Macquarie Bank Shreds Labor’s “Truly Extraordinary” Budget Growth Forecasts

17 Jun

Not wanting to recap the insult to intelligence that was the May Budget. But when one comes across a critique from Macquarie Economic Research that so comprehensively rips to shreds the Government’s all-important economic growth forecasts, one feels strangely compelled to share it.

You can read the entire paper here, but following are the choicest morsels (emphasis added):

Could Australia’s policymakers be too optimistic on our growth forecasts?

Upbeat growth forecasts from the Treasury and the Reserve Bank of Australia (RBA) are based on very optimistic forecasts for private sector business investment. But, if the RBA’s investment forecasts are too optimistic, not only will investment be weaker, but so too will consumption and housing, as weaker growth results in less income growth and declining confidence. This would not only mean that tighter policy was not required, but even that current policy settings could be too restrictive.

But hang on … wasn’t it only a couple of days ago that our blithering idiot RBA Governor was out spruiking the case for hiking interest rates even more?

The RBA and Treasury forecasts for business investment over the next couple of years are truly extraordinary. Treasury expects non-residential construction to double by mid 2013, while the RBA forecasts are predicated on mining investment doing the same thing.

To put this in perspective, the expected lift in mining investment is equivalent to doubling new housing construction from 150,000 units per year, to 300,000 dwellings in the next two years. Another way to look at this is that the value of mining investment in the next two years is expected to be the same as all the mining investment that took place between 1989 and 2006.

Seven years worth of all-time record high mining investment … in just two years?  Perhaps we should give them credit for positive thinking.

But is it realistic thinking?

In our opinion, achieving such stratospheric growth would be extremely difficult.

We’ll take that as a polite “No”.

For example, during the largest mining investment boom in Australia’s history, investment increased from about one per cent of GDP to three per cent of GDP. That is, it took five years for mining investment to increase by two percentage points of GDP. Now, the RBA and Treasury expect mining investment to rise by three percentage points of GDP over a couple of years.

Has anyone mentioned to the #JAFA‘s in the RBA and Treasury, that the economist who gained most fame from predicting the GFC has now predicted a “perfect storm” for the world economy “by 2013 at the latest”? And said that he expects China’s economy to have a “hard landing”?

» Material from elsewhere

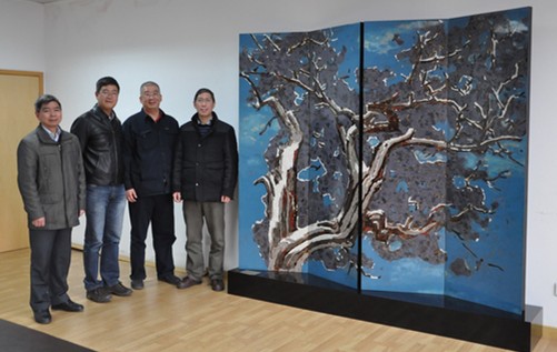 校友捐赠的四折屏风——《枝繁叶茂》是由中国美院教授周崇涨用水彩、蛋壳环保设计完成,同时镶嵌黄金点缀,寓意学校将培养出更多对国家对社会有用的优秀人才,就像画中的大树一样枝繁叶茂。

By putting all their eggs in the mining investment basket, policymakers appear to have no Plan B for what will support the economy if investment disappoints. And this note provides three clear reasons why one should be cautious about counting those mining investment chickens before they are hatched.

Pretty much exactly what Senator Barnaby Joyce has been saying  from Day 1.

That we can’t rely solely on selling “red and black rocks” at record-high prices forever; that we need to become “more self-reliant”; and that we need a “contingency plan” against economic dangers from abroad.

So Wayne, about that “forecast” for a single year of budget surplus in 2013?

~ crickets ~

You’ve had your lackeys in Treasury cobble together a budget chock full of utterly unrealistic growth assumptions, hoping to keep the media and the great unwashed masses docile and con-fident in your economic management, right?

And then, when you make a pigs breakfast of it again, you’ll just fake up the actual growth numbers down the track, right?

Just like before … right? (see “Labor Fakes GDP By 4.5%” )

This economic forecasting game is too easy.

So before you dispose of those pig entrails … can anyone play?

One Response to “Macquarie Bank Shreds Labor’s “Truly Extraordinary” Budget Growth Forecasts”

  1. JMD June 17, 2011 at 10:34 am #

    I won’t quibble with Macquarie Bank’s opinion on the governments growth forecast but caution is warranted when you read;

    “This would not only mean that tighter policy was not required, but even that current policy settings could be too restrictive.”

    Remember, Macquarie Bank is big in government bonds, any move lower in the benchmark rate, that being the government bond, would be risk free profit for Macquarie Bank i.e KerChing! (the sound of the slot machine paying off). Bond prices rise as yields fall. I wouldn’t put it past Macquarie Bank to speculate on the high probability of the RBA slashing rates if the market is pointing in that direction…. due to the speculators pointing it in that direction.